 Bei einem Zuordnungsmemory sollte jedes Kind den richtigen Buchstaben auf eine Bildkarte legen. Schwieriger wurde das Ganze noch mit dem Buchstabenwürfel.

# # # # #

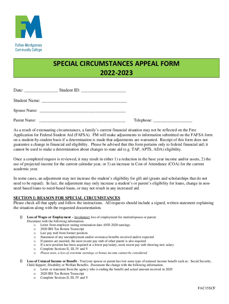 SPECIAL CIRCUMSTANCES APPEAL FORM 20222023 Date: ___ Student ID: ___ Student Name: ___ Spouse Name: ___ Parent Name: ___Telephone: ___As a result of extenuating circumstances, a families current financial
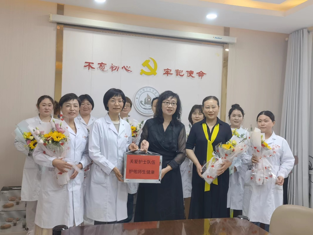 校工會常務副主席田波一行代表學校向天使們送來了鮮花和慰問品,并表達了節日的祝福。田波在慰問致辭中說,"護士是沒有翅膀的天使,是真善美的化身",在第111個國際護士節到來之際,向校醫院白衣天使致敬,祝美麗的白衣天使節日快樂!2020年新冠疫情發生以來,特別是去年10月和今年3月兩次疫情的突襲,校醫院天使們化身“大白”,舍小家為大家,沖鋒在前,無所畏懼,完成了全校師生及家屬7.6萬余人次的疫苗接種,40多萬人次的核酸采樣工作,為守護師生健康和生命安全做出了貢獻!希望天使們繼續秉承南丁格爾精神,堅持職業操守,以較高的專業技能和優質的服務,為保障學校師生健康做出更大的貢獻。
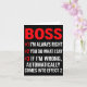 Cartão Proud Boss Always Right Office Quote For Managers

# # # # #

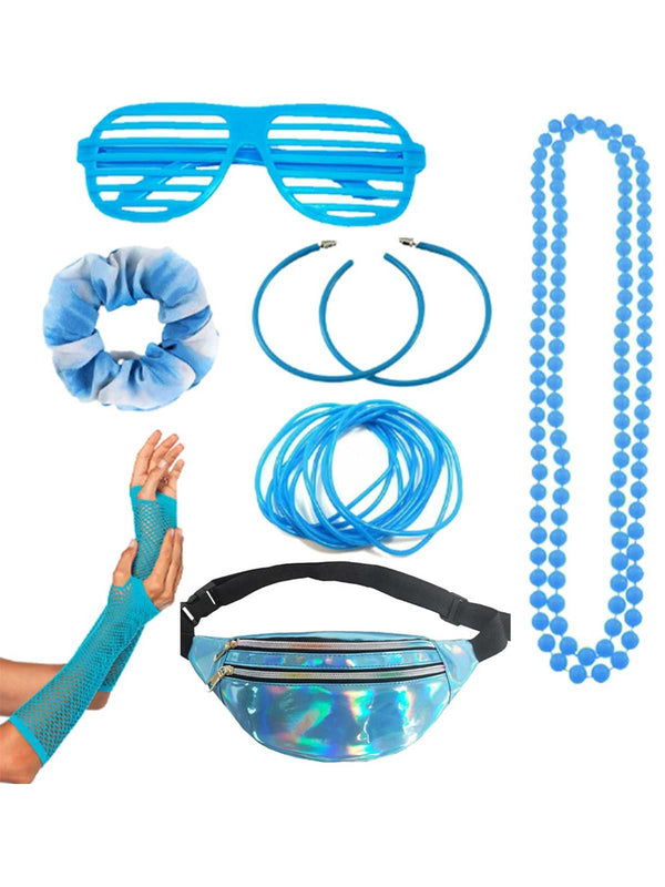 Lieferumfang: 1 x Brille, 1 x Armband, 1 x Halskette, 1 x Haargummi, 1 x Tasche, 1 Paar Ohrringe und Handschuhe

# # # # #

**PROBLEM DETAILS:**
Give again the stretch of the entries above that begins at the line with "SPECIAL CIRCUMSTANCES APPEAL" and ends at the line with "Cartão Proud Boss", word for word, with no pictures.

**EXPECTED ANSWER:**
 SPECIAL CIRCUMSTANCES APPEAL FORM 20222023 Date: ___ Student ID: ___ Student Name: ___ Spouse Name: ___ Parent Name: ___Telephone: ___As a result of extenuating circumstances, a families current financial
 校工會常務副主席田波一行代表學校向天使們送來了鮮花和慰問品,并表達了節日的祝福。田波在慰問致辭中說,"護士是沒有翅膀的天使,是真善美的化身",在第111個國際護士節到來之際,向校醫院白衣天使致敬,祝美麗的白衣天使節日快樂!2020年新冠疫情發生以來,特別是去年10月和今年3月兩次疫情的突襲,校醫院天使們化身“大白”,舍小家為大家,沖鋒在前,無所畏懼,完成了全校師生及家屬7.6萬余人次的疫苗接種,40多萬人次的核酸采樣工作,為守護師生健康和生命安全做出了貢獻!希望天使們繼續秉承南丁格爾精神,堅持職業操守,以較高的專業技能和優質的服務,為保障學校師生健康做出更大的貢獻。
 Cartão Proud Boss Always Right Office Quote For Managers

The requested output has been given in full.